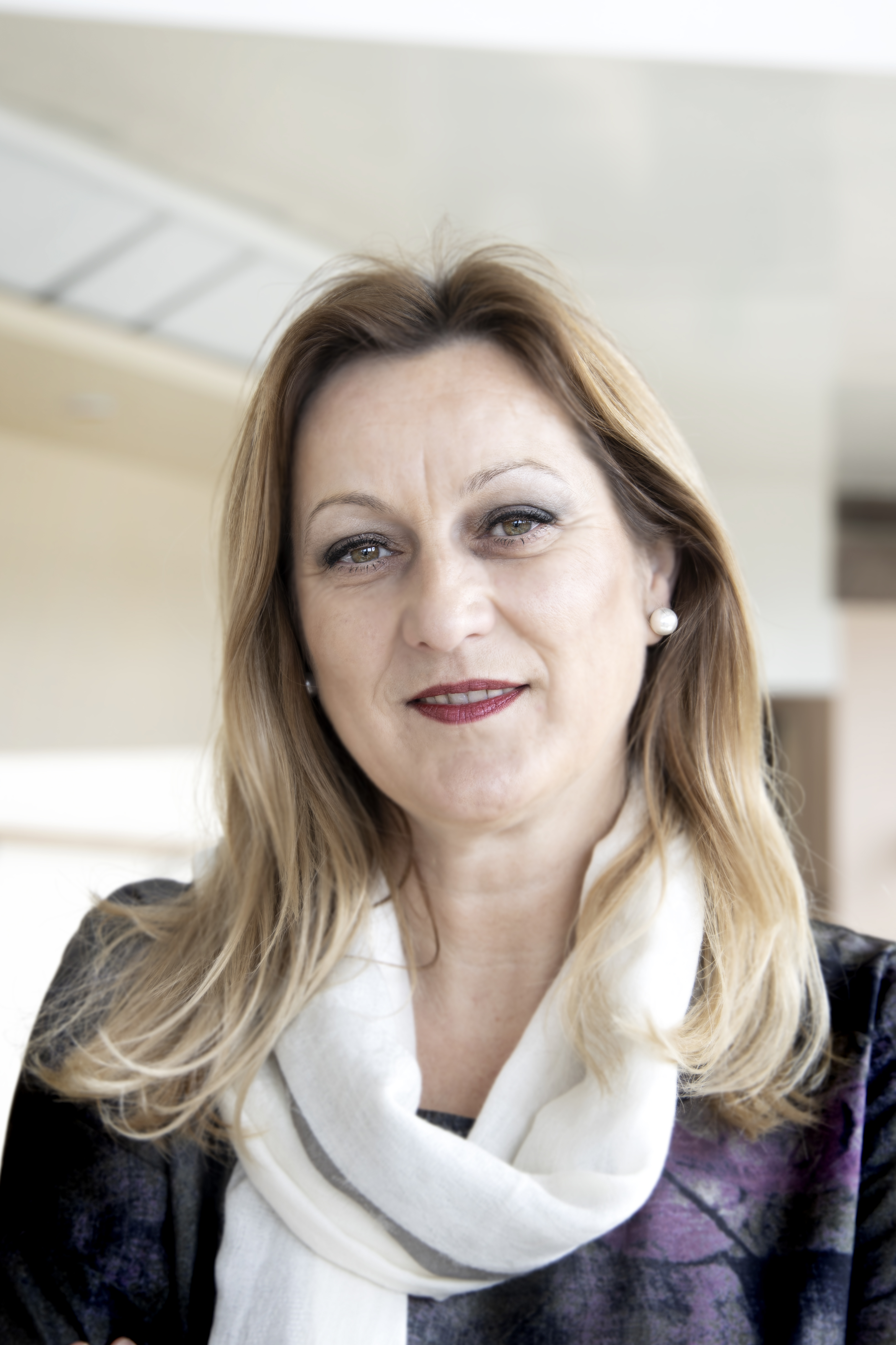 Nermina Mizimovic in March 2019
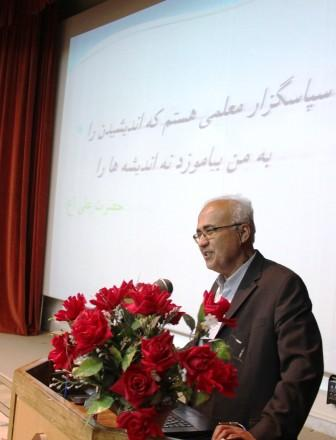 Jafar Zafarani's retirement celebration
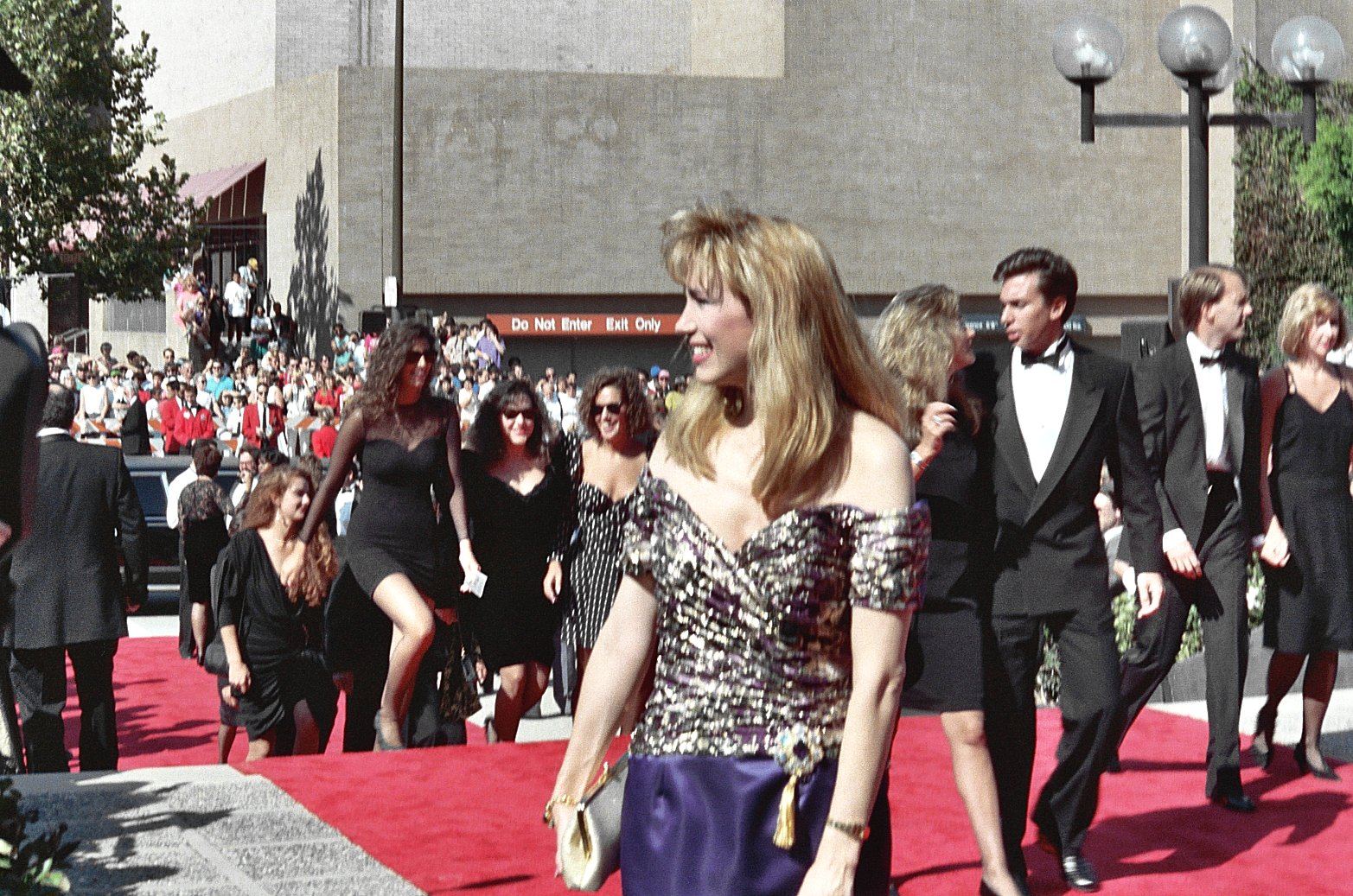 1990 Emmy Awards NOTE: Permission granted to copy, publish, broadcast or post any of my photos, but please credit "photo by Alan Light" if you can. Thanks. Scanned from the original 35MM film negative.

Activity >>
Print the material word for word without images.

Solved exercise >>
 Nermina Mizimovic in March 2019
 Jafar Zafarani's retirement celebration
 1990 Emmy Awards NOTE: Permission granted to copy, publish, broadcast or post any of my photos, but please credit "photo by Alan Light" if you can. Thanks. Scanned from the original 35MM film negative.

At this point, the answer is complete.